» **DIRECTIONS**: What is wanted is the full listing, word for word, without its pictures.

» **GIVEN MATERIAL**:

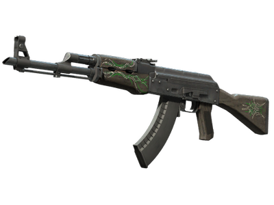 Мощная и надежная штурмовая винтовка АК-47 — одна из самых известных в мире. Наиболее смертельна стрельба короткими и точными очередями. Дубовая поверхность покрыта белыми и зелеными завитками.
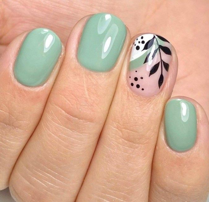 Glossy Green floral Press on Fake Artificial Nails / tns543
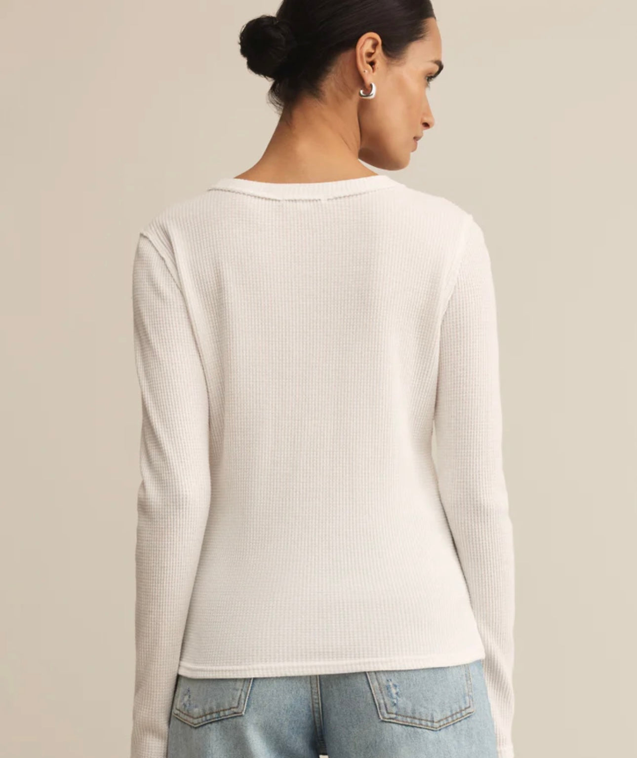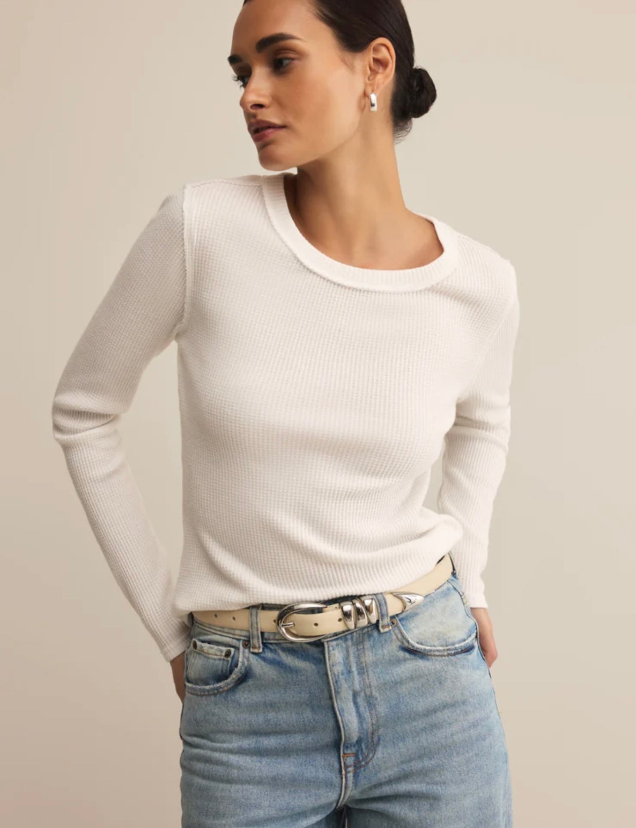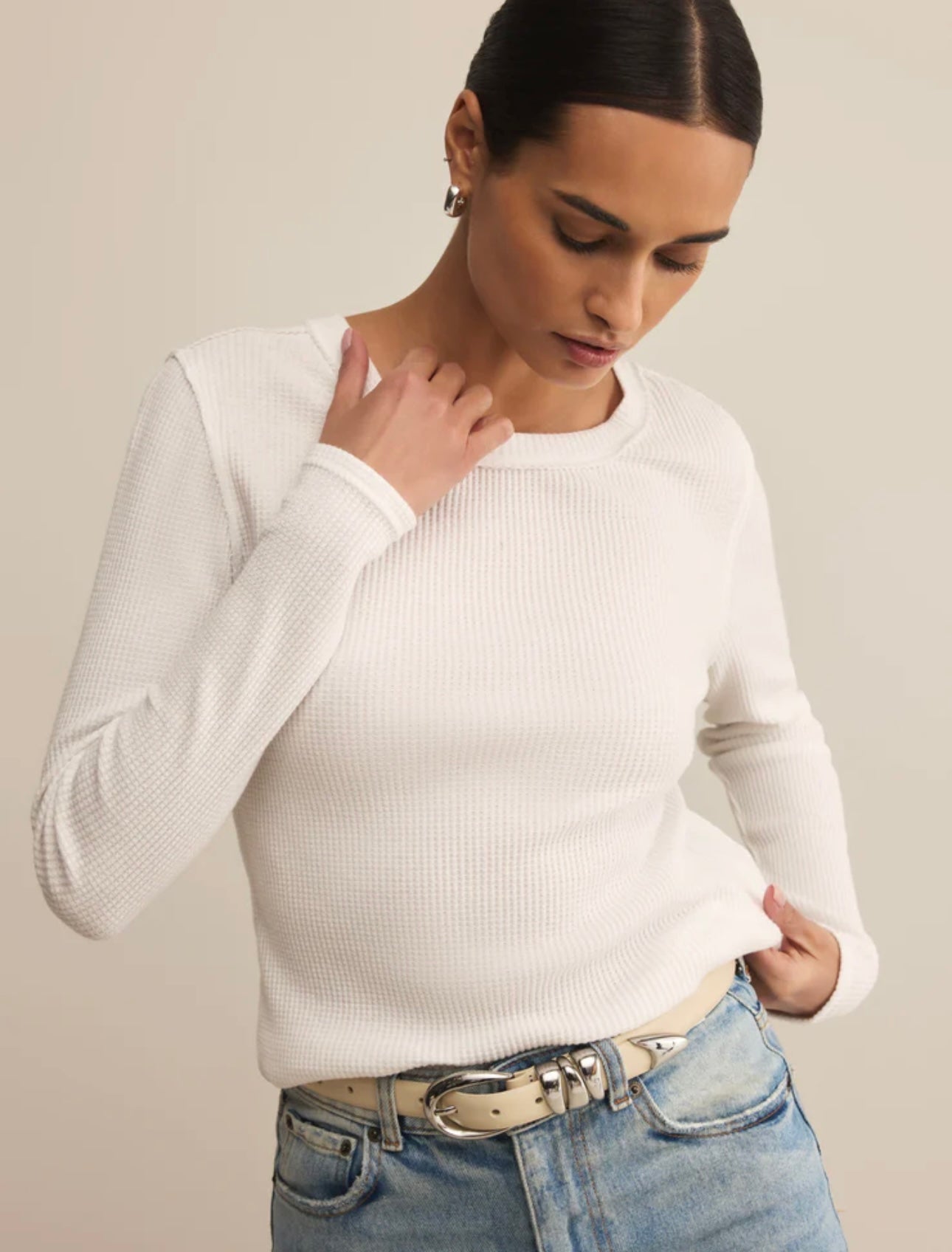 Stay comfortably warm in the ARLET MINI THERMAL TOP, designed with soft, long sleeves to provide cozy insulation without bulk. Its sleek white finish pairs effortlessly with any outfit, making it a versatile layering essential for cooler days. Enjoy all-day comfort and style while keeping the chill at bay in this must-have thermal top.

» **ANSWER SPACE**:
 Мощная и надежная штурмовая винтовка АК-47 — одна из самых известных в мире. Наиболее смертельна стрельба короткими и точными очередями. Дубовая поверхность покрыта белыми и зелеными завитками.
 Glossy Green floral Press on Fake Artificial Nails / tns543
 Stay comfortably warm in the ARLET MINI THERMAL TOP, designed with soft, long sleeves to provide cozy insulation without bulk. Its sleek white finish pairs effortlessly with any outfit, making it a versatile layering essential for cooler days. Enjoy all-day comfort and style while keeping the chill at bay in this must-have thermal top.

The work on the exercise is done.